In marking its centenary in 2015, the Yonsei School of Business initiated studies of K-management to create a new paradigm of Korean studies of business administration by analyzing and investigating the cases and models of successful Korean firms over the last 60 to 70 years.
The history of successful Korean firms is much shorter than of firms’ in other developed countries, but nevertheless many Korean firms have established themselves in the global market. Such successful cases provide benchmarks for various foreign and local academic and educational institutions, but have been given insufficient academic analysis from the perspective of business administration.
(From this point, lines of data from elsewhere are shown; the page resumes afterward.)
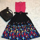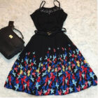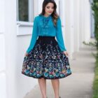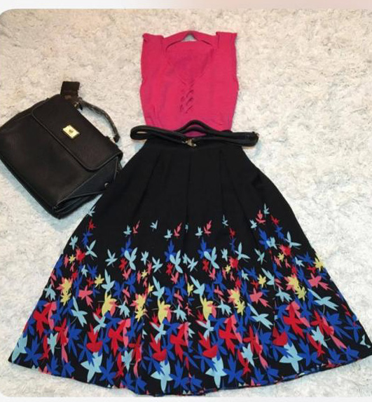 saia rodada em tecido crepe com estampas florais, fechamento em ziper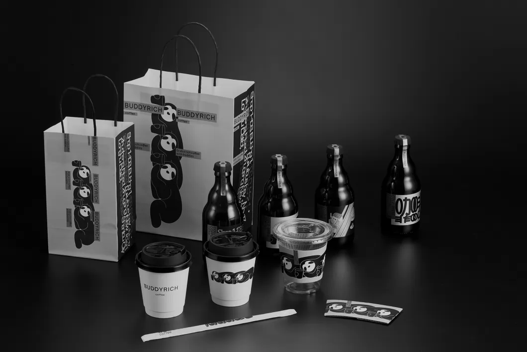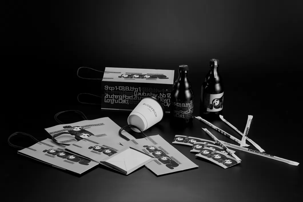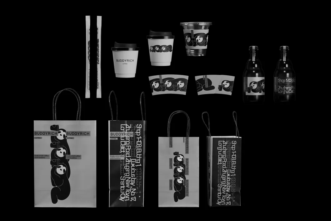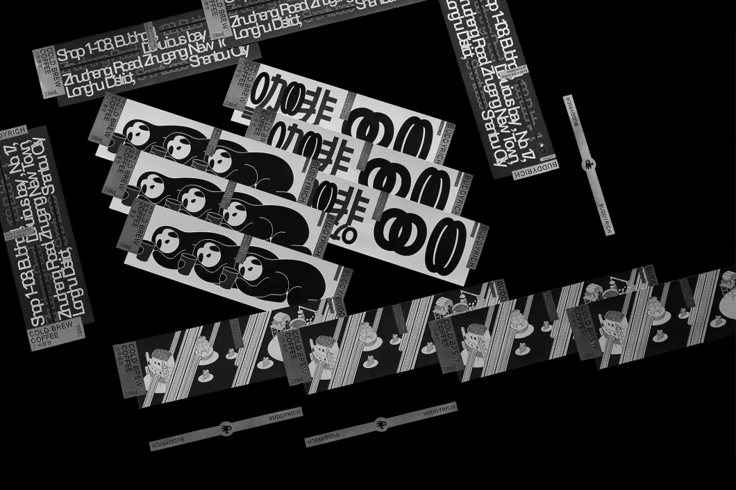 里奇是一个20多平的咖啡小店,本土同品类的设计单一、传统、保守,单调而无趣。里奇的咖啡是由多种原料混合调制而成,受众是喜欢尝试新口味的年轻消费者。客户希望能设计出品牌的混合多元概念。 常规的同类设计都是呈现出logo或单一品牌元素,而我们在设计中将中英文字体、品牌ip形象、咖啡店地址、城市建筑地标插画等多次复制重叠的实验尝试。多种元素以不同的错位混合的排版,暗示着品牌的多元混合个性,以这个概念引导到整套设计是以字体、插图拆分、重组、多元、混搭的思考。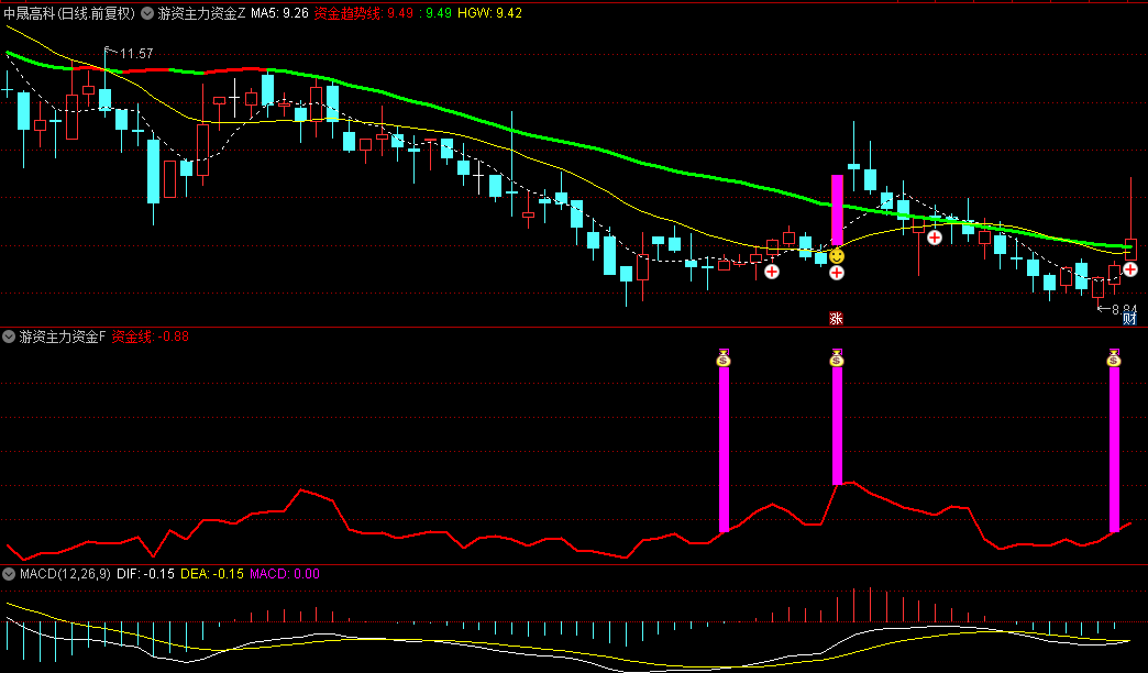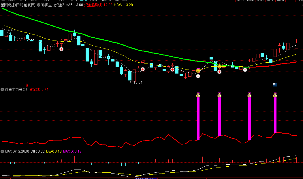 3、副图”钱袋子“紫柱为资金运行买入信号,它是由趋势上穿资金线构成;

As the first fruit of the new emphasis, Everything About Corporate Governance by Professors Kang Heum Yon of Finance, and Ho Young Lee and Sung Kyu Sohn of Accounting was published in January 2018. “Marking the centenary of YSB and initiating the next 100 years, we wanted to contribute to the development of practical business operations, studies, and education by not only introducing the study of foreign firms but also by analyzing the present conditions, environments, and strengths of the governance structure of Korean firms,” the authors said.
[From left, professors Kang Heum Yon of Finance, and Ho Young Lee and Sung Kyu Sohn of Accounting]
The authors decided to undertake a publication devoted to the governance structure of Korean firms. And based on both the theories and reality of Korean corporate governance, the content of the publication is organized into three main chapters – Chapter 1. The Stockholders and the General Meeting of Stockholders, Chapter 2. The Board of Directors, Chapter 3. Audit and the Audit Committee. By analyzing the roles and the responsibilities of stockholders, the board of directors, and audit/audit committee, the authors intended to provide Korean firms with directions as to how they should proceed. And to provide helpful insights for entrepreneurs and others, they incorporated various preceding studies about individual organizations and organized them within the topics of the major chapters.
“As the general meetings of stockholders, the board of directors, and the audit committees responsibly carry out their respective roles and closely coordinate, the value of the firm will rise, which further maximizes the social welfare,” the authors said. “We want this book to be helpful for the future studies that are related to the corporate governance.”